Word Abuse

The professional talkers are abusing words again.

In watching MSNBC before I headed out to school today I was confronted with two major offenses, both occasioned by the not bomb in Times Square this weekend.

The first is a simple mistake.  One of the talking heads said something to the effect that it was “incredulous” that such a poorly constructed bomb had been made by an organized terrorist group.  No.  What he meant, of course, was that in was not credible, or that it was incredible, but ‘incredible’ has come to have other connotations – wonderful, amazing, etc. — that no doubt made him reluctant to use that word.  That does not make incredulous the right word.  He may have been incredulous, in that he was unwilling to believe it, but it was not incredulous.  I expect to have to explain that difference to my freshman English students, but not to a professional journalist.

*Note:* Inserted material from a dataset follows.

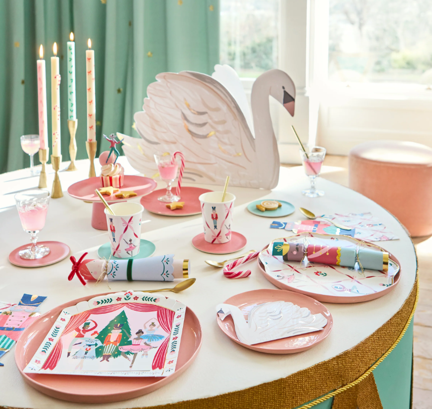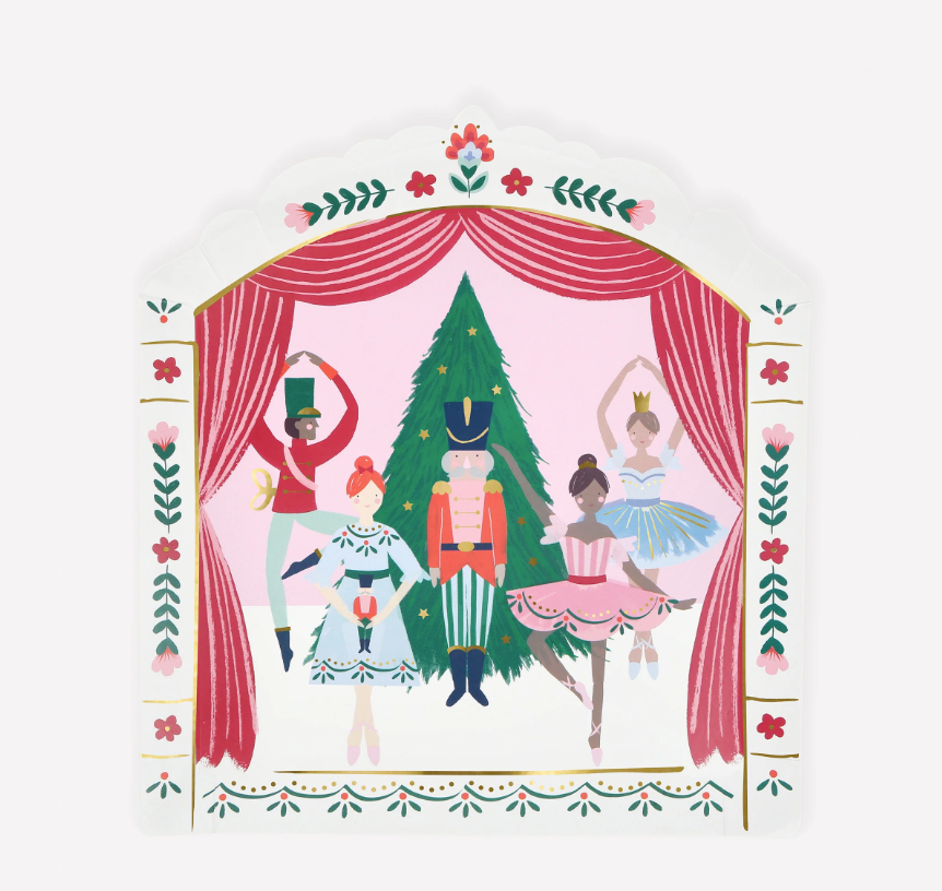 O seu Natal ganha um toque de magia intemporal com os pratos de papel Quebra-Nozes. Estes pratos premium transportam o encanto do bailado clássico para a sua mesa, exibindo personagens icónicas numa elegante paleta de cores natalícias, que harmonizam o tradicional com o moderno.

The other offense is more nuanced, but was also repeated.  They, and others, have repeatedly referred to the vendor who reported the suspicious car, and the police officer to whom he reported it, as heroes.  I’m sorry, but while their actions were proper, even laudable, and they deserve recognition, they were not heroic, and the insistence on calling anyone who does anything admirable a hero devalues the word, ultimately rendering it meaningless.

And in a similar example of hyperbolic over-reach the middle of the night anchor for CNN demonstrated why he is relegated to the middle of the night when he referred the failed device as something that could have killed thousands. Again, no.  If it had ignited it might have been a good-sized fireball, but it would not have exploded, so, no, it would not have killed thousands.